Michael Dresdner: Without sunlight or rain, all the wood needs is something that is flexible enough to tolerate the wood movement, which will be substantial, and something durable enough to endure whatever use it will get as a table. That could be anywhere from mild to wild. Assuming wild, I’d use an exterior urethane, and I’d coat it all around (both sides, all edges with extra soaking in the end grain). If it will see milder use, I’d go with spar varnish. Make sure whatever you choose contains enough mildewcide. (A good exterior material should.)
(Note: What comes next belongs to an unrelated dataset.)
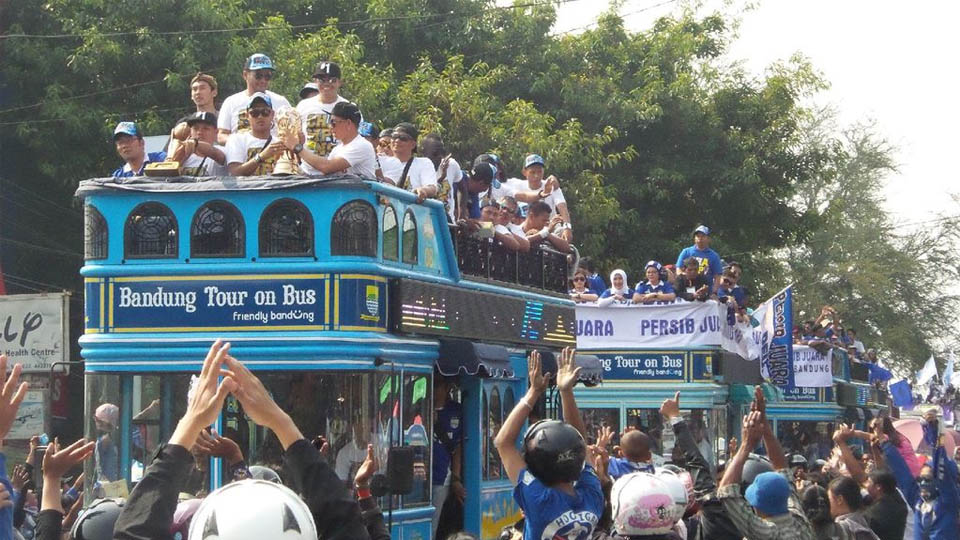Skuat Persib sendiri diarak menaiki bus wisata Bandros. Mereka melakukan konvoi sepanjang 21 kilometer.

This is a perfect candidate for a flood on first coat, and for grain enhancement, too. Start by flooding the wood with pure boiled linseed oil. Use if full out ? no solvent added. Scrub it into the wood with a fine Scotchbrite pad. Let it sit at least 10 or 15 minutes, then wipe off whatever did not penetrate. Allow the oil to dry overnight. Now do the same thing with uncut exterior urethane, only this time you won’t have to let it sit that long before wipe-off. Make sure you keep soaking all the end grain until it stops absorbing the finish. The oil will help bring out depth and richness in the wood, and the urethane will help seal it evenly. When those two steps are done, and the first coat of polyurethane has dried overnight, go ahead and add as many more coats either by wiping or brushing as you see fit for appearance and durability. For high wear, a minimum of three coats brushed or at least twice that many wiped is a must. For low wear, it is strictly an appearance issue, so it is up to you.
By the way, that will help prevent surface checking, but not end checking. The only thing that will control that is if the piece was properly dried in the first place. If not, don’t bother working it or finishing it until you stabilize it and it is properly dried.
Ellis Walentine: You shouldn’t have any color or checking problems with redwood, but it wouldn’t hurt to use a varnish with a UV inhibitor in it. Oddly, the biggest problem with redwood for tabletops is that it’s so darn soft. It shows dings and scratches that most hardwoods shrug off. Assuming you want the table top to remain somewhat pristine, your best bet would probably be a polyurethane varnish. It will resist abrasion and scratching better than other varnishes and oil finishes. On the other hand, if you like that close-to-the-wood, satiny finish, you might want to try my old favorite, Waterlox, which is a thin wiping varnish. It protects well enough for dining table use, but it won’t resist abuse the way polyurethane will.
The standard advice on finishing questions is to try it on some scrap before you commit to the whole project. That way you get to know exactly how the various products handle, look and function.